The research identifies five primary barriers suppressing market demand:

  • Weak Employer Signalling: Businesses frequently vocalise technical and digital skill shortages but rarely specify Level 4 or 5 qualification pathways explicitly in job advertisements, vacancy designs, or corporate workforce planning.
  • Low Brand Recognition: Awareness of HTQs remains low and fragmented. Younger leamers consistently default to more familiar degree pathways, viewing intermediate routes as an indistinct or lower-status alternative.
  • Unresolved Funding Barriers: The heavy reliance on individual loan finance acts as a powerful deterrent for working adults and small-to-medium enterprises (SMEs) facing cost-of-living constraints.
  • Opaque Progression Paths: Clear “step-on, step-off” articulation routes between lower levels, intermediate technical milestones, and Level 6 top-up degrees remain severely underdeveloped.
  • Rigid Qualification Design: Current standardisation measures under the Lifelong Learning Entitlement (LLE) – such as the minimum 30-credit funding threshold – lack the agility required for rapid, in-work digital and technical upskilling.

To bridge this gap, the LEI outlines an urgent blueprint for systemic reform, advocating for the integration of the Lifelong Learning Entitlement (LLE) with the upcoming Growth and Skills Levy and devolved regional funding frameworks. It calls for smaller, stackable units of learning (“bite-sized” provision) and the introduction of formal degree break-points to normalise Level 4 and 5 achievements as prestigious standalone outcomes.
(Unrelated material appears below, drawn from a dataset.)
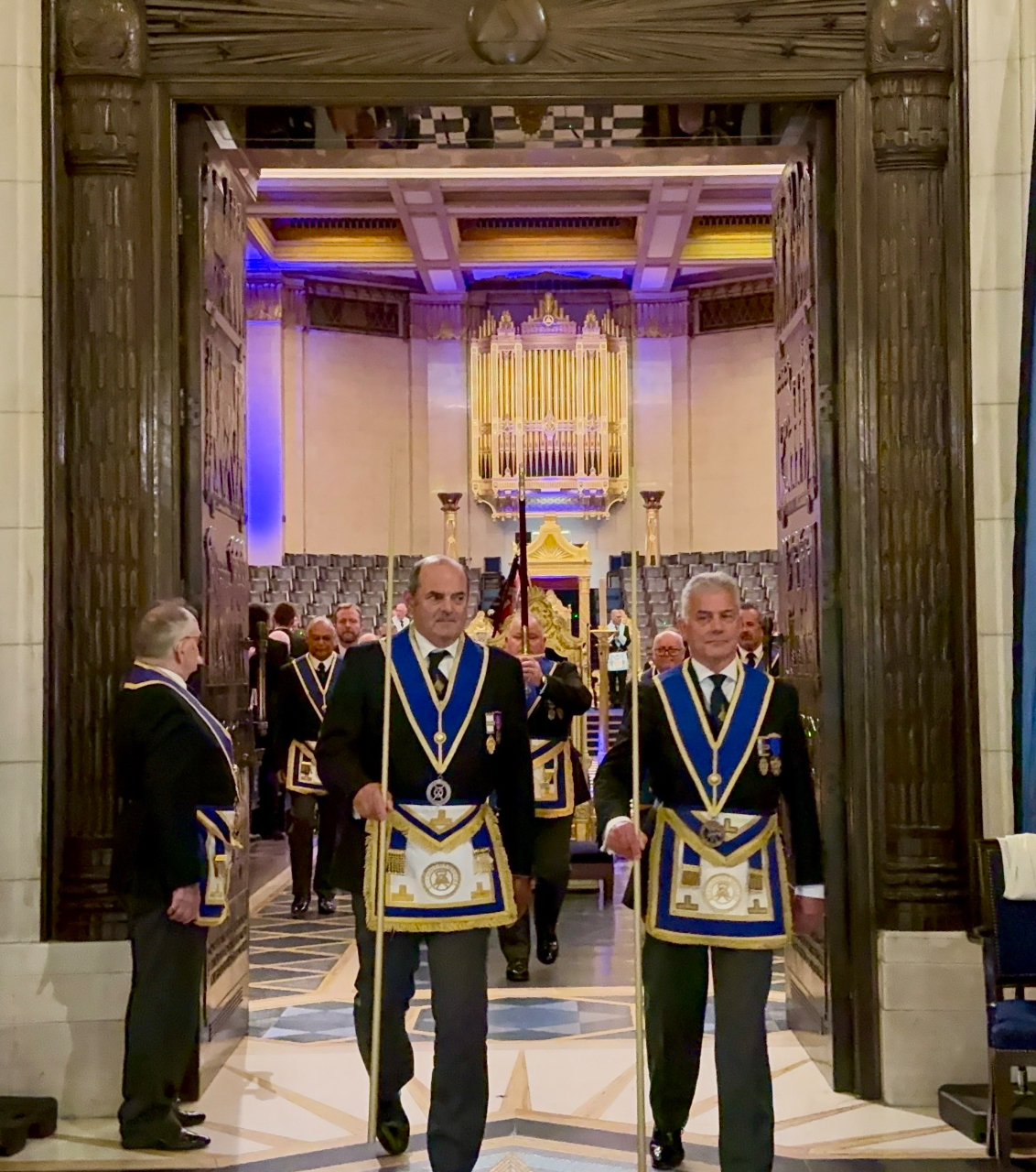 For Tim Anders initiating his 85-year-old father into Freemasonry in the Grand Temple was something he will never forget. 650 Freemasons were there to witness Tims brother Chris function as Junior Deacon, guiding their father through the ceremony. All other offices were filled by our Light Blues demonstration team - all of which had been in Masonry less that 4 years.
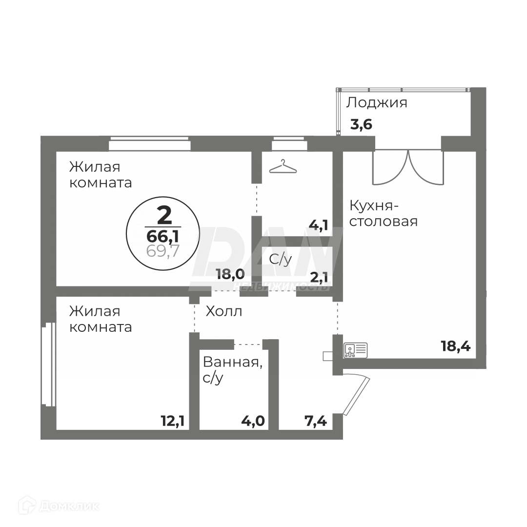 Общая площадь 66.1 м2

Report author Mark Morrin, Lifelong Education Institute, said:

“The missing middle is no longer a niche education problem. It is an economic constraint to productivity growth. As AI and automation reshape jobs and skills, England needs stronger Level 4 and 5 pathways to support young people entering employment, and adults needing to retrain and upskill. But qualification reform alone is insufficient. What is needed is a truly demand-led tertiary system. HTQs could become a core part of a more flexible and responsive skills system, but only if they are backed by clearer progression routes, stronger employer demand, better signalling and a funding model that works for learners, employers and places.”

Freya Thomas Monk, Managing Director of Pearson Qualifications, said:

“This report shows the significant opportunity to make Level 4 and 5 routes a stronger part of England’s skills system. Pearson’s experience points to growing interest where qualifications are clearly linked to employer need, regional priorities and learner progression. The task now is to turn that interest into more sustained take-up, by making higher technical routes more visible to employers, clearer for learners, and easier to fund through flexible, stackable learning. HN Flex and our MedTech partnership with Skills England and the WMCA show what can be achieved when national reform, regional leadership and employer collaboration come together.”